*** Opening of Available records ***

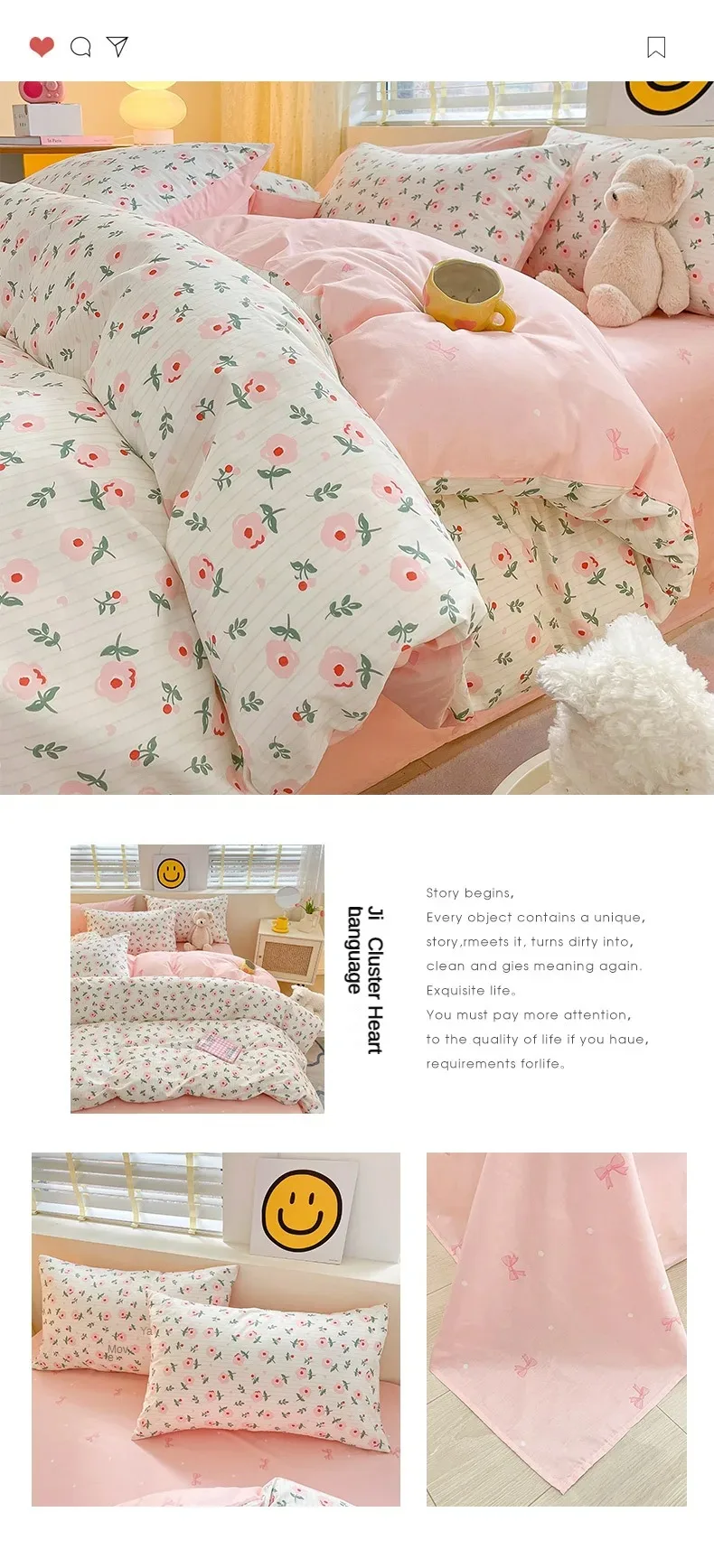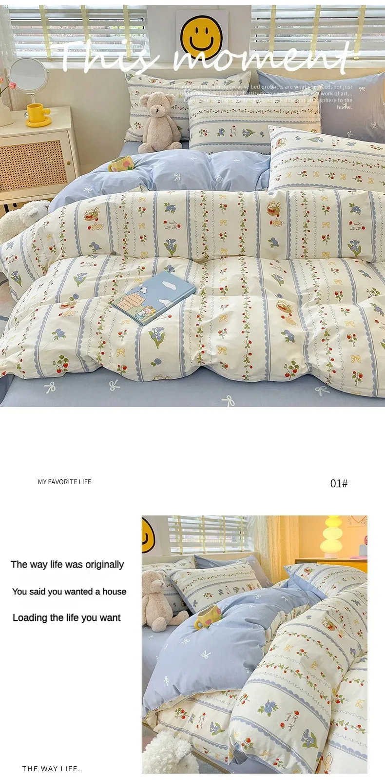 Kawaii Princess Pure Cotton Bedding Set Full Size Lovely Ruffles Single Doubel Duvet Cover Set Girls Woman Cozy Bedding Sets
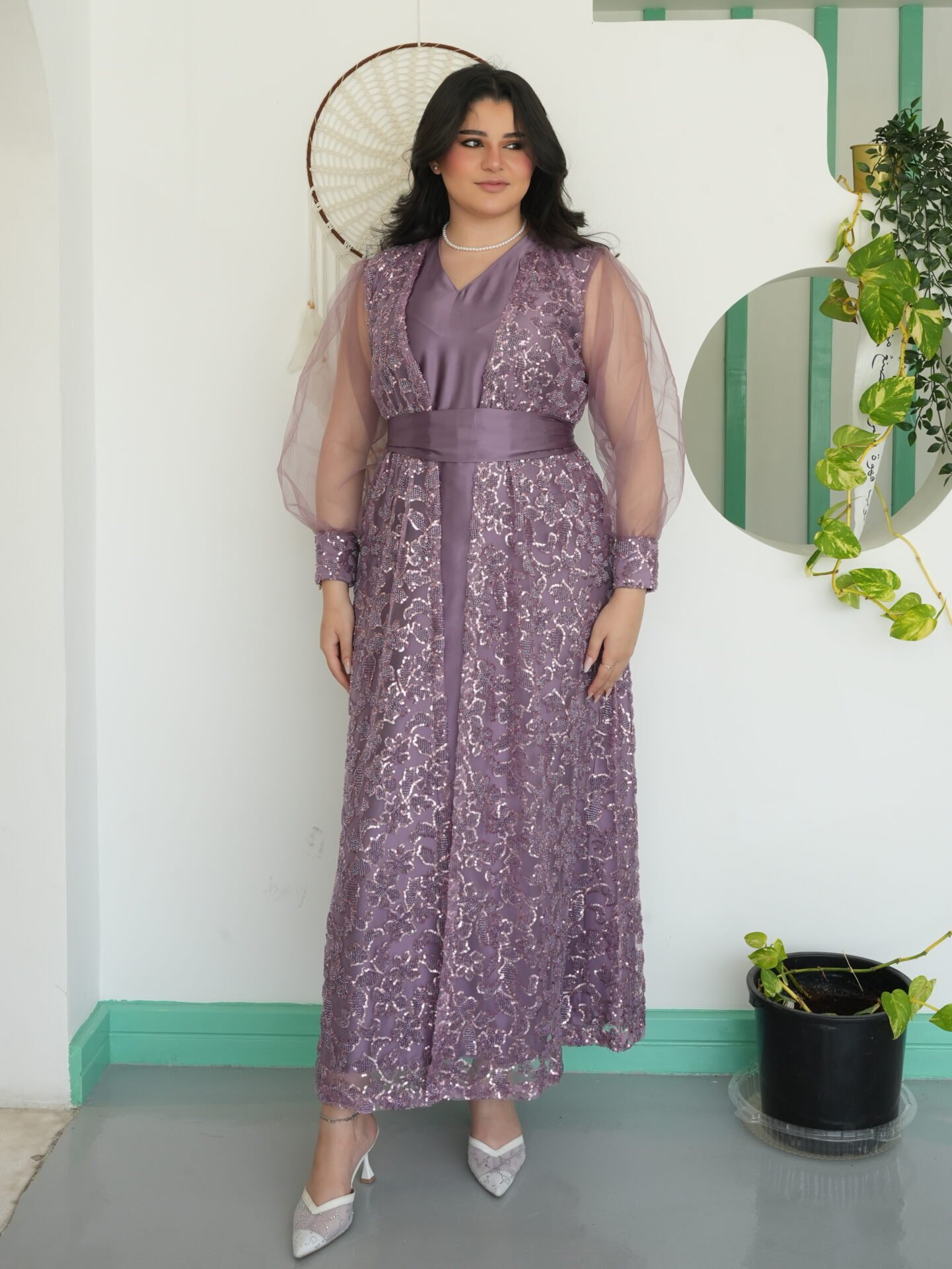 فستان شرقي من قطعتين وحزام
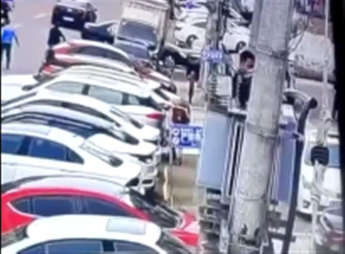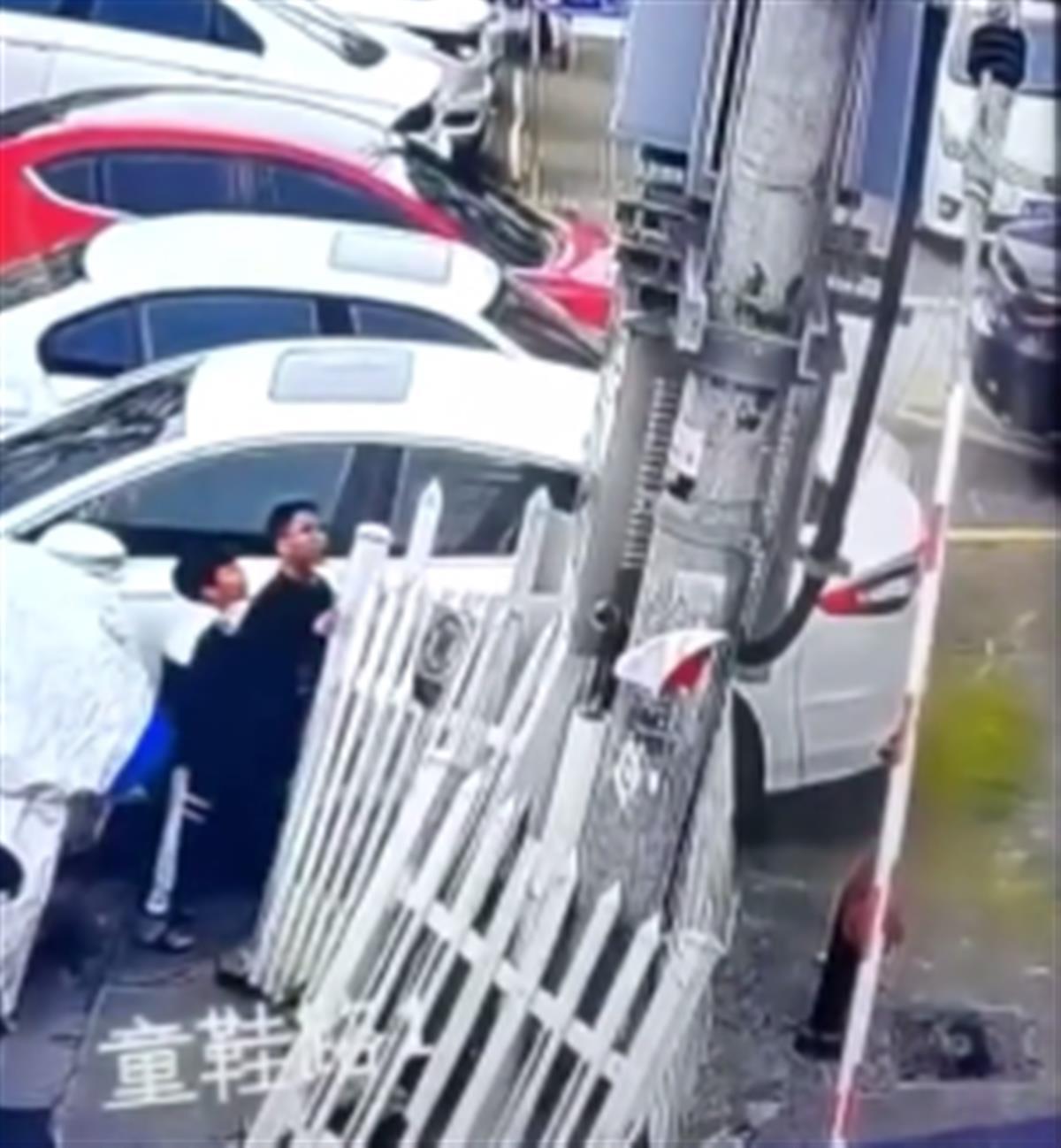 一段网络视频显示,两名小男孩走到一处围栏受损的变压器旁边,查看一番后,一名戴眼镜的男童开始攀爬变压器,但很快就摔下来。这名男童随后再次爬上变压器,当他爬上变压器箱上部后伸出手时,变压器上冒出几次火光,男童随后摔落至地面,其右手被烧伤。
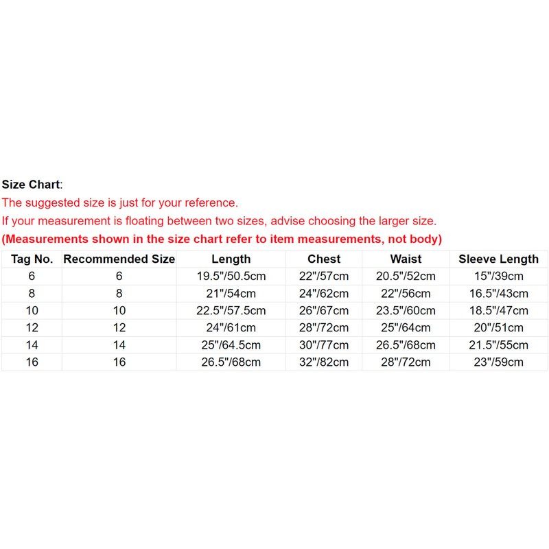 | Tag No. | Recommended Size | Length | Chest | Waist | Sleeve Length |
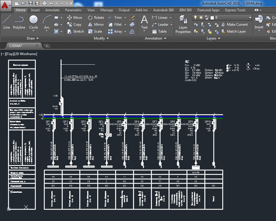 Работа по составлению однолинейной схемы распределительного щита в программе «AutoCAD Electrician»
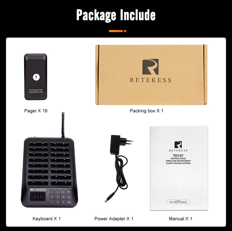 RETEKESS TD157 ristorante pager sistema di chiamata senza fili 16 coaster beeper ricevitore per il caffè food court clinica chiesa nursey salone di bellezza
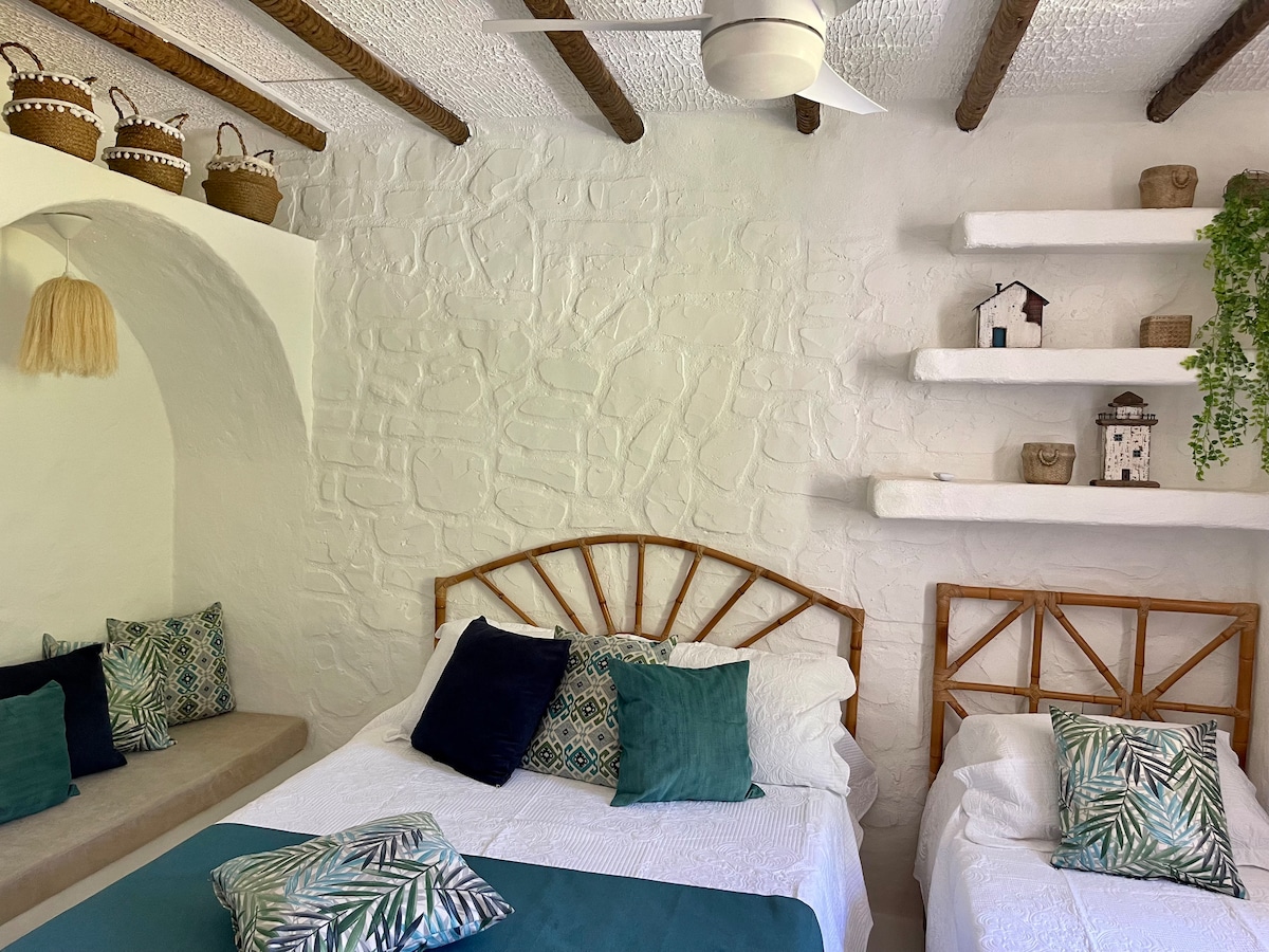 Village type house in a gated community with green spaces, fully equipped kitchen. Two bedrooms with air conditioning, two double beds with D33 orthopedic mattress and comfortable pillow top. Two sofas bed in the living room with fan. White bed and bath linens 100% cotton 180 threads, sanitized after each guest. Portable barbecue, table and shower in the back. Close to restaurants, delis, pharmacies and supermarkets.
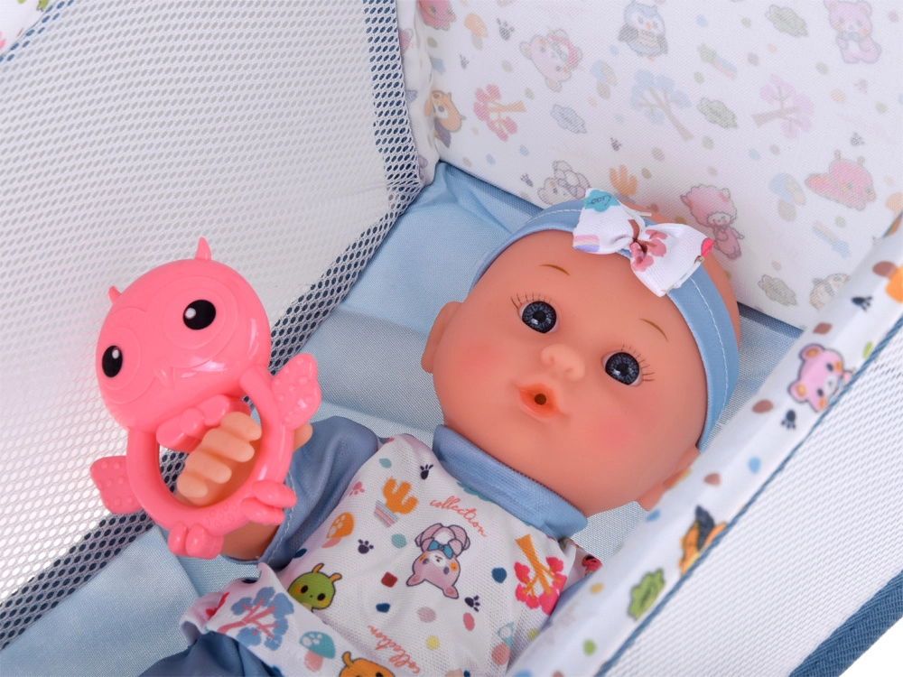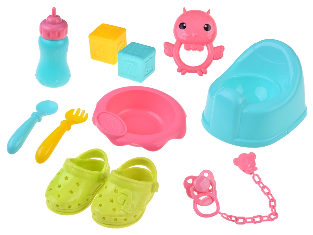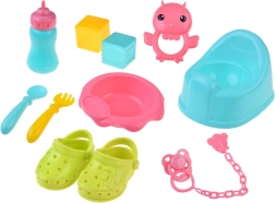 Det praktiske tilbehør omfatter et spisesæt (skål, bestik og flaske), potte, sut med kæde, farvede klodser og en rangle. Rejsesengen med åndbare netsider og taske er ideel til leg og opbevaring. Med det rige tilbehør kan børn let efterligne virkelig babypleje og udvikle både kommunikation og finmotorik.
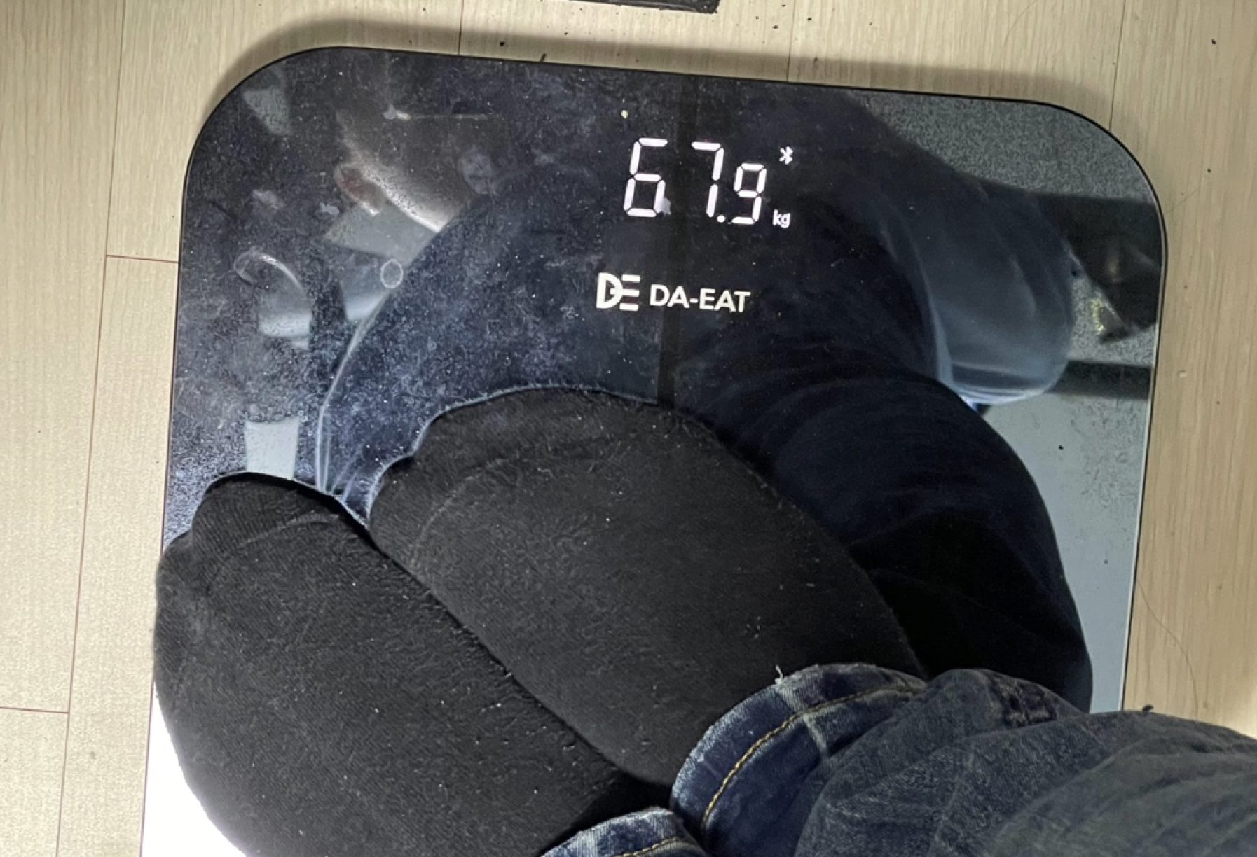 점심때 즈음 체중을 측정해 보니 옷 입고 67.9kg입니다. 옷이랑 휴대폰 무게가 대략 1.5kg 정도이기 때문에 실제 몸무게는 66.4kg 정도로 예상됩니다.

*** Close of Available records ***

- _What you are asked to do_: Please print exactly the lines from the one holding "Det praktiske tilbehør" through the final line of the data above, including both, and skip all pictures.

- _Response to this task_:
 Det praktiske tilbehør omfatter et spisesæt (skål, bestik og flaske), potte, sut med kæde, farvede klodser og en rangle. Rejsesengen med åndbare netsider og taske er ideel til leg og opbevaring. Med det rige tilbehør kan børn let efterligne virkelig babypleje og udvikle både kommunikation og finmotorik.
 점심때 즈음 체중을 측정해 보니 옷 입고 67.9kg입니다. 옷이랑 휴대폰 무게가 대략 1.5kg 정도이기 때문에 실제 몸무게는 66.4kg 정도로 예상됩니다.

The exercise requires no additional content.